Was hoping folks could post some of their infrared images here for all to look at and give some info on whether it was an IR filter or an IR-modded camera. If using filters, what filter is being used and also why that particular wavelength was chosen. Right now, I cant tell what different using a 720nm or a 1100nm would make, so seeing these filters in action would be great!

Message edited by author 2011-03-02 13:16:10.
03/02/2011 01:25:48 PM · #2
Wow, just googled this, I am LOVING these photos. Would love to learn more about this.

I'm at work and can't read up much on it now, but do you need a special lens or something for this??
03/02/2011 01:42:46 PM · #3
You need either a special filter or an adapted camera. It can get quite tricky with filters if you don't have live view because visible light doesn't get through the filters.
03/02/2011 01:49:15 PM · #4
21.gif ambaker does plenty of IR.

Infrared Gallery

03/02/2011 01:55:55 PM · #5
IR is a lovely area of photography... the predominance of DSLRs has somewhat stifled it temporarily, because nearly all off-the-shelf DSLRs have very strong IR blocking filters over the sensors. This means very long exposures for IR, or modifying the camera. Lots of folks are now taking older cameras and modifying for IR, with great results. There are several companies that will do conversions.
It's a shame that manufacturers don't offer IR versions of some models. Canon did once with the 20Da, but that was available for only a short time, and you hardly ever see them on the used market.
03/02/2011 02:07:07 PM · #6
Originally posted by GinaRothfels:

You need either a special filter or an adapted camera. It can get quite tricky with filters if you don't have live view because visible light doesn't get through the filters.

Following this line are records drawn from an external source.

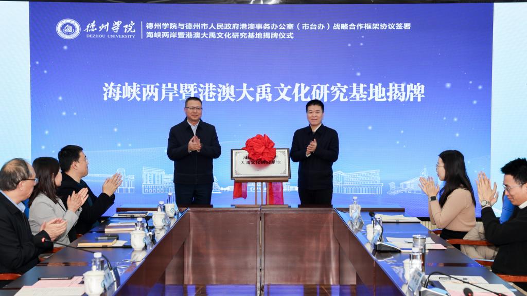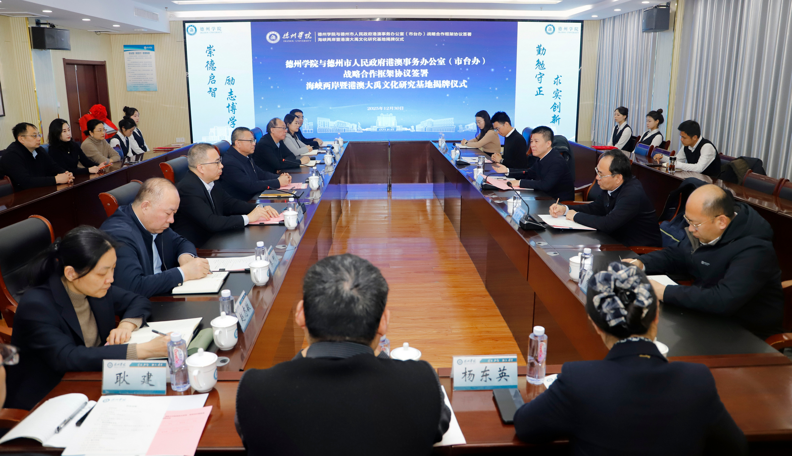 吴君代表学校对市委统战部(市港澳办、市台办)长期以来的指导与支持表示衷心感谢。他指出,此次合作是学校落实中央港澳台工作决策部署、融入地方发展大局的关键举措,标志着校地协同服务国家战略进入机制化、常态化新阶段。他强调,与市港澳办(市台办)的合作,不仅整合了优势资源、拓展了合作格局,更是传承中华优秀传统文化、增进两岸暨港澳同胞文化认同的主动作为。学校将以基地为平台,打造文化研究高地,强化学术引领,建设集学术研究、文化传播、人才培养于一体的高端中心;同时深化战略服务,发挥智库优势,聚焦区域开放合作、跨境文化交流、产业协同发展等议题,开展前瞻性研究,为政府决策提供智力支持。此外,学校将拓展资源汇聚渠道,积极与港澳台高校联合申报合作办学项目,组织青年研学营、非遗展演等活动促进双向交流,切实将校地协同优势转化为服务德州高质量发展的动力。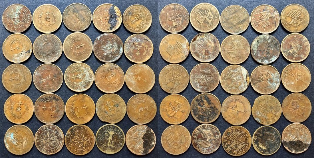 1920年代中華民國開國紀念幣10文銅幣25枚一組,正面雙旗,F至VF品相。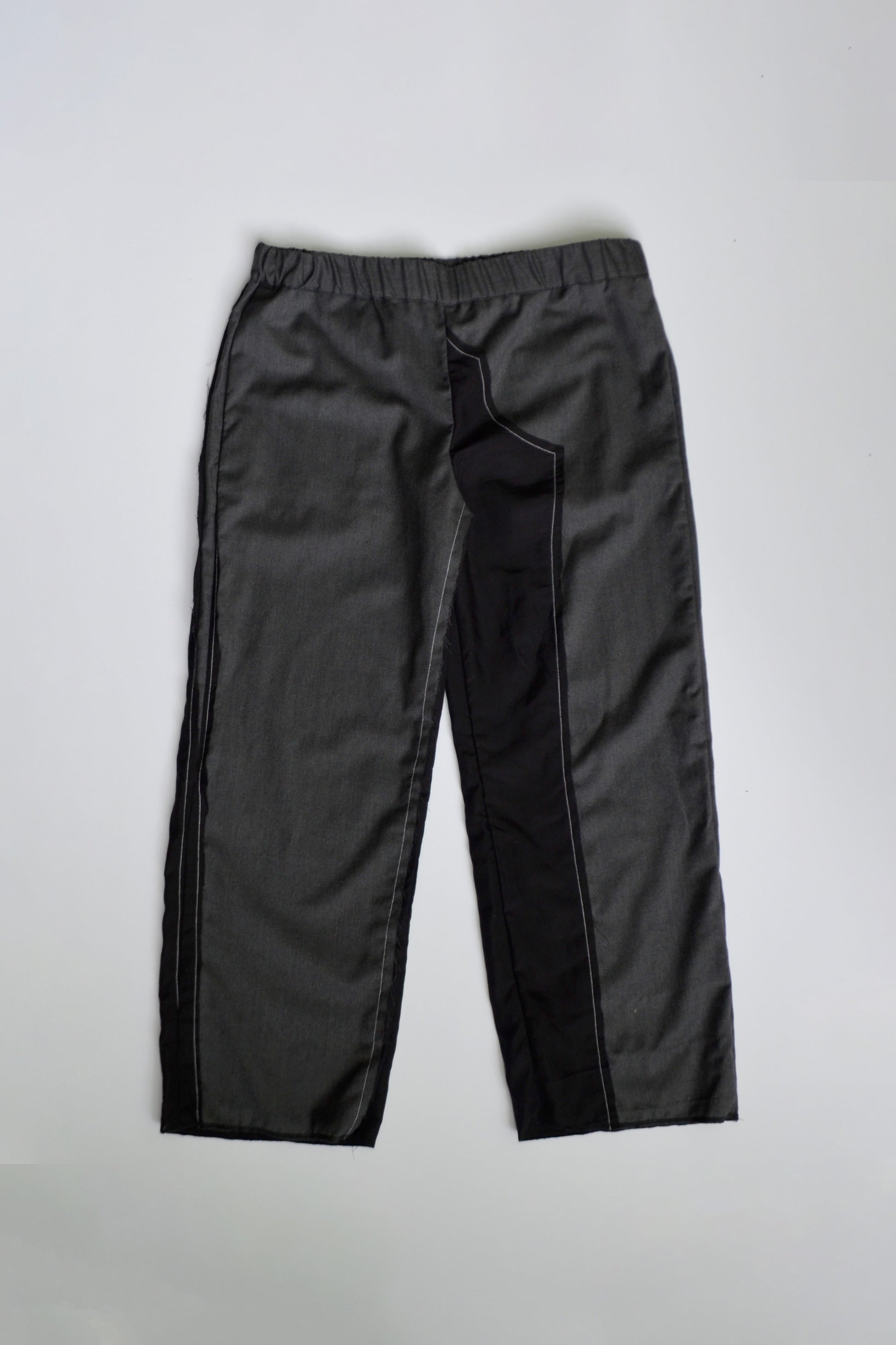 The alex pant is a mid-rise, straight-leg trouser featuring a 2-inch elastic waistband, two hidden side-seam pockets, and a serged hem. Each pair is uniquely crafted from three secondhand trousers in a mix of dark tones - blacks, grays, and blues, pieced together with contrasting white stitching to form a distinctive patchworked surface. The result is a one-of-a-kind garment that blends the quiet elegance of the ’90s with a distinctly deconstructed aesthetic.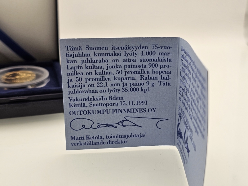 #1202 Kultakolikko: 1000mk Itsenäisyyden 75v juhlaraha, 9g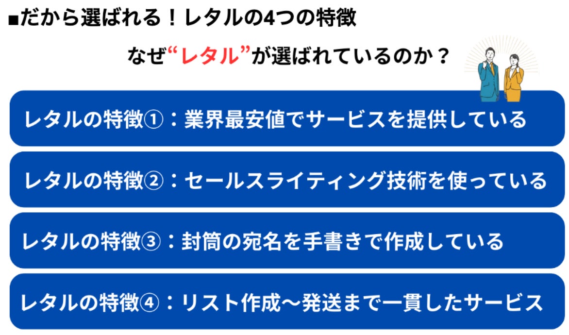 さらに、リスト作成から発送までを一貫したサービスで、業界最安値クラスで提供していることが最大の特徴です。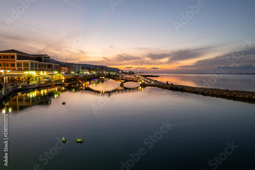 piccola città che si affaccia su una laguna al tramonto con cielo e nuvole in grecia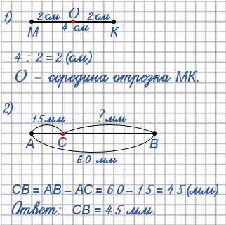 16. 1) Начерти отрезок МК длиной 4 см. Отметь его середину.
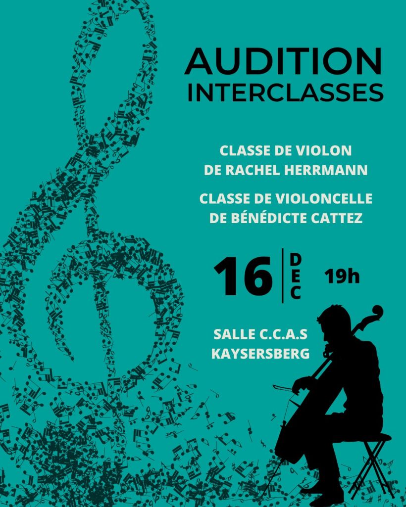 AUDITION INTERCLASSES VIOLON/VIOLONCELLE avec les classes de Rachel Herrmann et Bénédicte Cattez :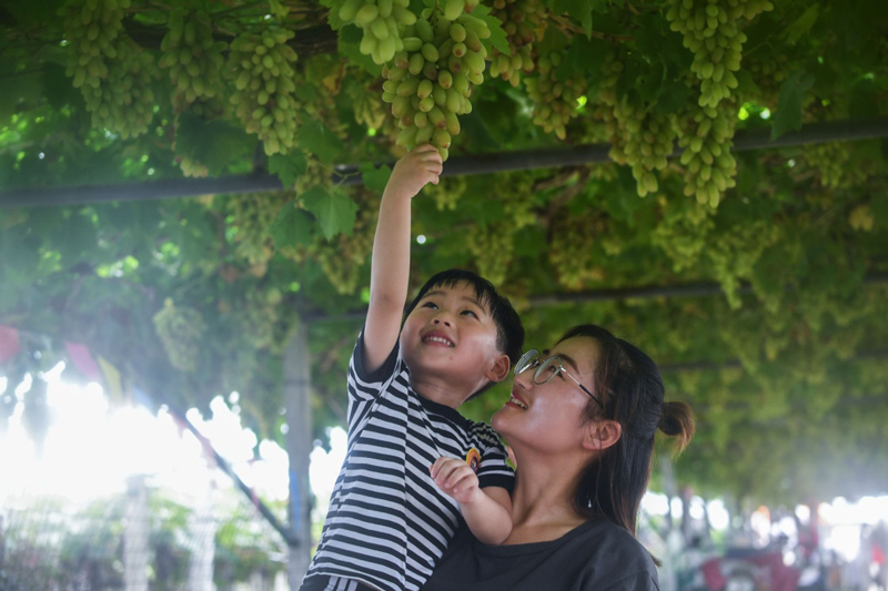7月24日,游客在浙江省長興縣畫溪街道曹家橋村一個葡萄種植園內采摘葡萄。

Even with the adapted camera you still need the filters. But the exposure times get shorter. As Kirbic pointed out, modern dSLRs have IR-blocking filters over the sensors, so much less IR radiation gets through. The IR filters you put in front of the lens let mostly only the IR wavelength of light through, so if the camera hasn't been modified (by removing the IR filtration in front of the sensor) the exposures get silly-long. Basically, not hand-holdable even in broad daylight.

R.
03/02/2011 02:16:13 PM · #7
Just some of my favorites:

Copyrighted_Image_Reuse_Prohibited_872152.jpg by 21.gif Dudski
Copyrighted_Image_Reuse_Prohibited_889859.jpg also by 21.gif Dudski
Copyrighted_Image_Reuse_Prohibited_893891.jpg by 21.gif Ambaker
Copyrighted_Image_Reuse_Prohibited_880288.jpg by 31.gif dainmcgowan
Copyrighted_Image_Reuse_Prohibited_873386.jpg by 21.gif Marbo
03/02/2011 02:30:37 PM · #8
I`ve dabbled a bit with ir. Forget canon if you want to do unmodded infrared, they suck :)
I guess there`s never been an infrared challenge because you need a special filter. And the know what happens here if a challenge comes up that not everyone can enter.

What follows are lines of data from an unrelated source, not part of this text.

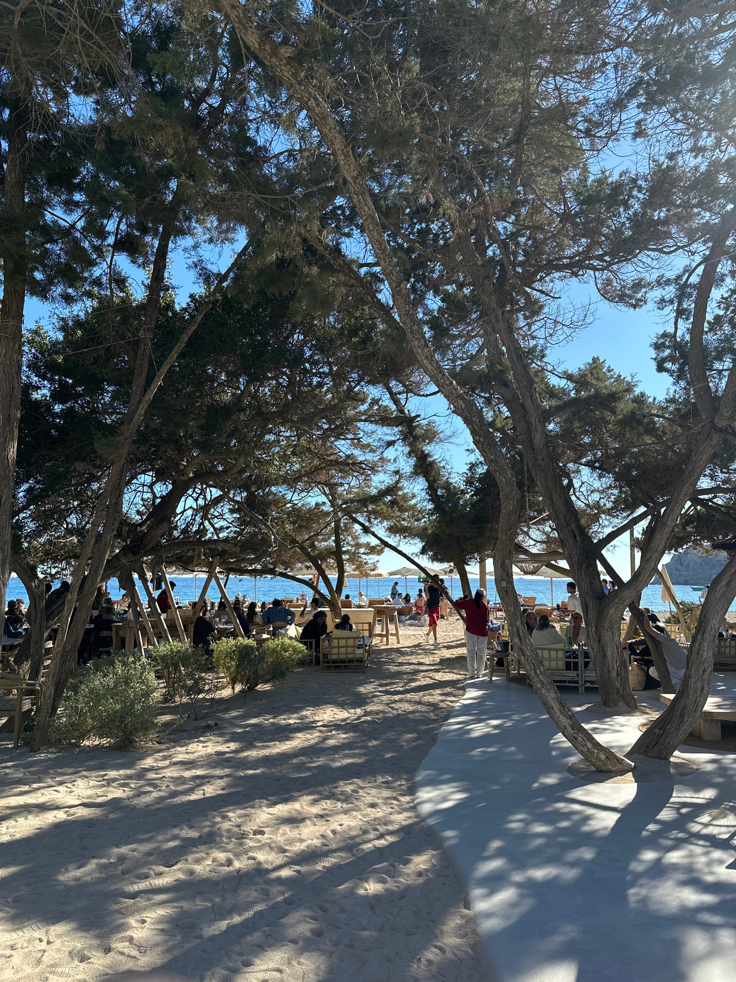 The image depicts a beachside restaurant scene in Sant Josep de sa Talaia, Spain. The foreground features tall, mature trees with dense foliage casting shadows on the sandy beach. In the background, p…read more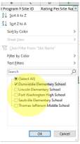 12. Total Number of Students (Site): To find the total number of students rated at each site, you will need to filter by site. Highlight the site_name column by clicking above the column. Click on Data from the top toolbar and click on Filter. (See Image 7)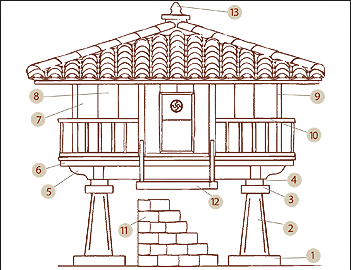 el horréoVersión en línea Aprende las partes del horréo tradicional Asturiano con este juego interactivo. por Blas de Lafuente Gómez 1 subidera 2 pegollo 3 trabe 4 ontera 5 tenobia 6 muela
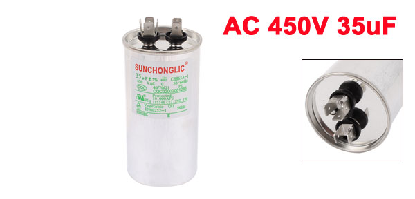Product Name Motor Capacitor Model No. CBB65A-1 Dielectric Material Metallized Polypropylene Film Housing Material Metal Capacitance 35uF Tolerance ±5% Rated Voltage AC 450V Frequency 50/60Hz Body Dimension 5 x 10cm / 2" x 4" (D * H) Operating Temperature 40/70/21 Color Silver Tone Weight 223g Package Content 1 x Motor Capacitor - Reviews
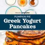 Spruce up your basic pancake mix with these Pumpkin Pie Greek Yogurt Pancakes! These pancakes use pumpkin puree and pie spice for flavor, with the Greek yogurt adding protein and thickness. Delicious and make-ahead friendly!

Nikon D50/D70 or even D40 are all great for infrared with a hoya r72 ir filter.
These cameras have very weak ir blocking filters so exposures of well under a second are easy. No live view needed just compose before adding the filter and the auto focus still works most the time.
Some of my favs

Copyrighted_Image_Reuse_Prohibited_635508.jpg Copyrighted_Image_Reuse_Prohibited_514948.jpg Copyrighted_Image_Reuse_Prohibited_361974.jpg Copyrighted_Image_Reuse_Prohibited_687471.jpg
03/02/2011 02:33:57 PM · #9
Originally posted by marbo:

I`ve dabbled a bit with ir. Forget canon if you want to do unmodded infrared, they suck :)
I guess there`s never been an infrared challenge because you need a special filter. And the know what happens here if a challenge comes up that not everyone can enter.

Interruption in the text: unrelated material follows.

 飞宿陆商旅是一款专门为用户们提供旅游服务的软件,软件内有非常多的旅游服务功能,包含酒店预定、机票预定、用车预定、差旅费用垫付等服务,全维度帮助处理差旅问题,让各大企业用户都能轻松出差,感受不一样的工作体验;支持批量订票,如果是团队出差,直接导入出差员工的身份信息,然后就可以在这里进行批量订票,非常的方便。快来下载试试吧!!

Nikon D50/D70 or even D40 are all great for infrared with a hoya r72 ir filter.
These cameras have very weak ir blocking filters so exposures of well under a second are easy. No live view needed just compose before adding the filter and the auto focus still works most the time.

Thanks for joining the discussion, Mark. A question regarding Canons. I was planning on getting a Hoya R72 for my canon T2i/550D. I understand they have pretty aggressive IR blocking. Is it impossible to use these cameras unmodded, or would they be fine with just longer exposure times? My main interest would be landscapes, so longer exposures dont really matter. I'm not interested in hand-holding or short exposures.
03/02/2011 03:04:18 PM · #10
It's still very possible with a canon but yes much longer exposure times. Great for water but not trees on a windy day.
Don't let me put you off, my 1st ir shot was on a canon 300d.
Copyrighted_Image_Reuse_Prohibited_119061.jpg
8s at f9,200iso. Things have moved on, you could go 800iso nowadays but I don,t know how strong your blocking filter is.
White balance is also a problem with canons. With a nikon d50/70 you could do a custom setting in camera.
You will have to shoot raw and tweak for colour ir photos.
03/02/2011 03:45:16 PM · #11
Originally posted by marbo:

It's still very possible with a canon but yes much longer exposure times. . Things have moved on, you could go 800iso nowadays but I don,t know how strong your blocking filter is.
White balance is also a problem with canons. With a nikon d50/70 you could do a custom setting in camera.
You will have to shoot raw and tweak for colour ir photos.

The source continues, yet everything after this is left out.